Tour d'Estrepouy à Gazaupouy dans le Gers

Patrimoine classé Patrimoine défensif Tour

Tour d'Estrepouy

  • D931
  • 32480 Gazaupouy
Crédit photo : MOSSOT - Sous licence Creative Commons
Propriété privée

Frise chronologique

Moyen Âge central
Bas Moyen Âge
Renaissance
Temps modernes
Révolution/Empire
XIXe siècle
Époque contemporaine
1300
1400
1500
1600
1700
1800
1900
2000
1279
Traité d'Amiens
Fin du XIIIe siècle
Construction de la tour
XIVe siècle
Aménagements initiaux
XVIe siècle
Ajout de la tourelle
1982
Classement historique
Aujourd'hui
Aujourd'hui

Patrimoine classé

Tour d'Estrepouy (cad. A 122) : classement par arrêté du 23 novembre 1982

Personnages clés

Philippe Lauzun Historien ayant émis une hypothèse sur la ligne de front formée par ces tours.
Jacques Gardelles Historien ayant contesté l'hypothèse de Philippe Lauzun.

Origine et histoire de la Tour d'Estrepouy

La tour d'Estrepouy, située au hameau d'Estrepouy sur la D931, à environ 3 km au nord-nord-ouest de Gazaupouy (Gers), est une tour-salle des XIIIe‑XIVe siècles ; les documents anciens donnent parfois la graphie Estrépouy, conforme à la prononciation locale. Elle fut élevée à la fin du XIIIe ou au début du XIVe siècle, après le traité d'Amiens (1279) qui attribuait l'Agenais aux Anglais et motivait l'établissement de tours de guet le long de la frontière. L'hypothèse de Philippe Lauzun selon laquelle ce type de construction formait une sorte de ligne de front a été contestée par des historiens modernes, dont Jacques Gardelles. Il existait probablement une enceinte autour du site, avant et après l'édification de la tour, mais aucun ensemble castral ne justifie l'appellation de donjon parfois employée. La tour a fait l'objet d'aménagements postérieurs, notamment la création d'une tourelle d'angle abritant un escalier, et elle a été classée monument historique par arrêté du 23 novembre 1982.
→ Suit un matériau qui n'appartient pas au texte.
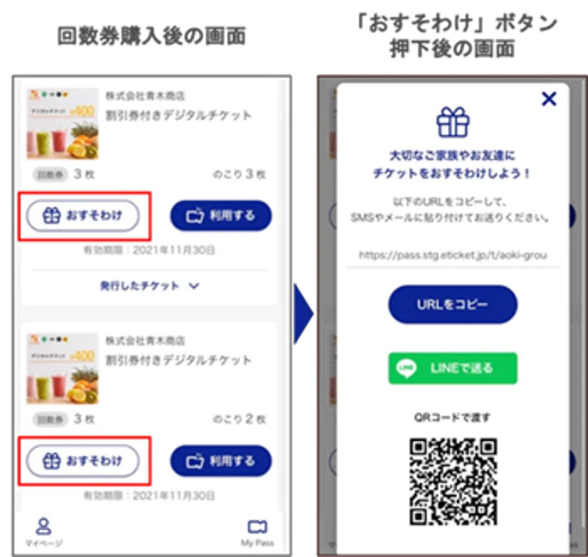 回数券をご購入された方は、LINE等のSNSやメールで、おすそわけする回数券のURLをコピーして送信することで、家族や友人に回数券を1枚単位でプレゼントすることができます。
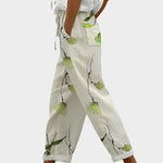 Prinesi naravo v svojo vsakodnevno oblačilno izbiro s temi lahkimi hlačami z botaničnim printom. Idealne za sproščujoče izlete in trenutke počitka.
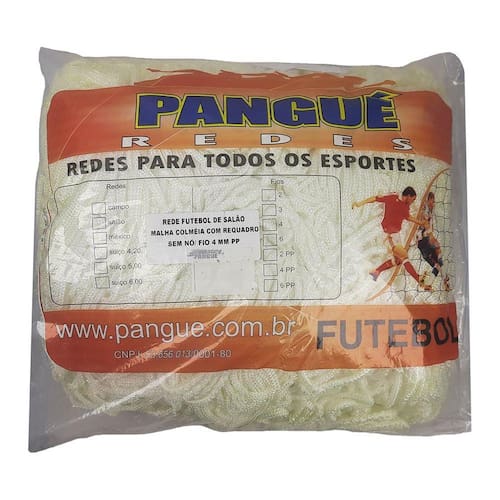 A Rede Futsal Pangué Fio 4MM Malha Colmeia com Requadro (Tipo Caixote, Modelo Europeu) Seda é confeccionada mais forte e resistente. Composta por material que aumenta ainda mais sua durabilidade, proteção Anti-UV, para que a malha não deforme seu tamanho com o passar do tempo.

L'édifice a un plan quadrangulaire de 10 mètres sur 14 et s'élève sur une hauteur d'environ 15 mètres ; il comprend quatre niveaux (rez-de-chaussée et trois étages), le dernier, sous combles, ayant servi d'étage d'habitation. Le premier étage est pourvu d'archères, de fenêtres et d'armoires aménagées dans l'épaisseur du mur ; le troisième étage a conservé des baies en arc trilobé et des meurtrières. Le couronnement présente des merlons percés d'archères cruciformes et, au-dessous, une rangée de trous de boulins laisse supposer l'existence de hourds plutôt que de mâchicoulis. L'accès au chemin de ronde se faisait par un escalier à vis en encorbellement, qui part du deuxième étage et est logé dans une tourelle d'angle ajoutée au XVIe siècle ; une petite enceinte accompagnait l'ouvrage, la tour étant implantée à l'un de ses angles.